The kidnapping captured the attention of a country of nearly 52 million people not only because soccer is the most popular sport but also because it stoked concerns about growing insecurity and whether the government was doing enough to stop it. In public appeals and marches in Mr. Díaz’s hometown, Colombians called for his father’s release.

The Colombian government, led by President Gustavo Petro, was negotiating a peace treaty with the ELN and a six-month ceasefire was to begin in August. But after the kidnapping of the elderly Mr. Díaz, Mr. Petro said that the ELN has committed an act that “goes against the peace process itself”.

After Mr. Díaz’s release, the Colombian peace commission negotiating with the ELN said the recent kidnapping had “thrown our talks into a critical situation” and called for all other people held captive to be released immediately.
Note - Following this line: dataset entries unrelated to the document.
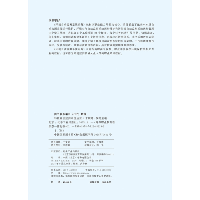 环境自动监测系统运营 于婉婷、侯亮 主编大学教材化学工业出版社凤凰新华书店旗舰店
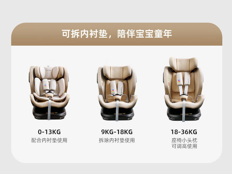 bebebus儿童安全座椅领航家汽车用0-8岁婴儿宝宝车载360度旋转 香槟金Pro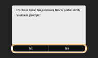 W przypadku wybrania opcji <Tak> zostanie wyświetlony komunikat. Sprawdź komunikat, a następnie wybierz przycisk <OK>. Kombinacja zapisanych ustawień zostanie dodana do ekranu Główny jako przycisk skrótu.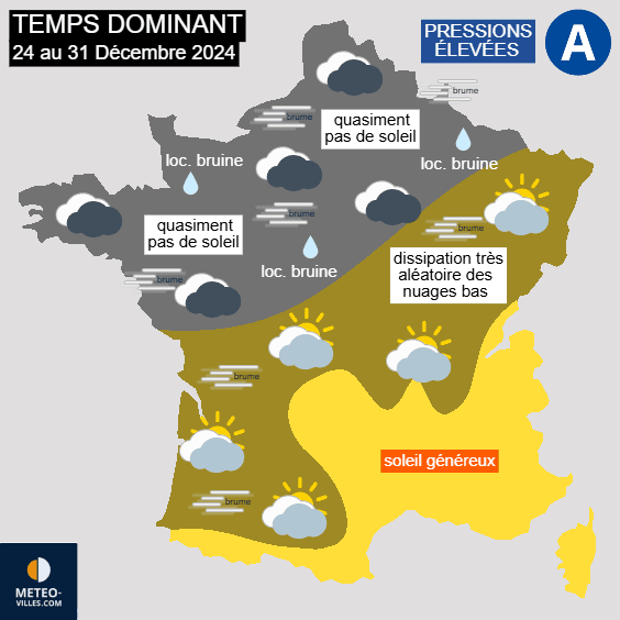 Météo dominante entre le mardi 24 et le mardi 31 décembre 2024 - Météo Villes

ELN commander-in-chief Eliécer Herlinto Chamorro, known by his nom de guerre Antonio García, said this in a statement last week, as reported by local relationshipsthat the kidnapping of the elderly Mr. Díaz had been “a mistake” and called his son, 26, a symbol for Colombia.

The younger Mr. Díaz, known as Lucho, shone for his country’s national team. He went from playing for his local indigenous team to bigger clubs in Colombia, eventually landing at Liverpool in a contract reportedly worth more than $60 million. Mr. Díaz’s father was a talented amateur player from Barrancas and coached his son.

The Liverpool player missed the first match after his father’s abduction but returned to action on Sunday. After scoring a late equalizer in a 1-1 draw against Luton, he lifted his shirt to reveal a T-shirt reading “Freedom for Papa” in Spanish.

After the match, he asked for his father’s release.

“Every second, every minute, our anguish grows” he wrote in a statement. “My mother, my brothers and I are desperate, anguished and without words to describe what we are feeling. This suffering will only end when we get him home.”

On Thursday, Mr. Díaz received his wish.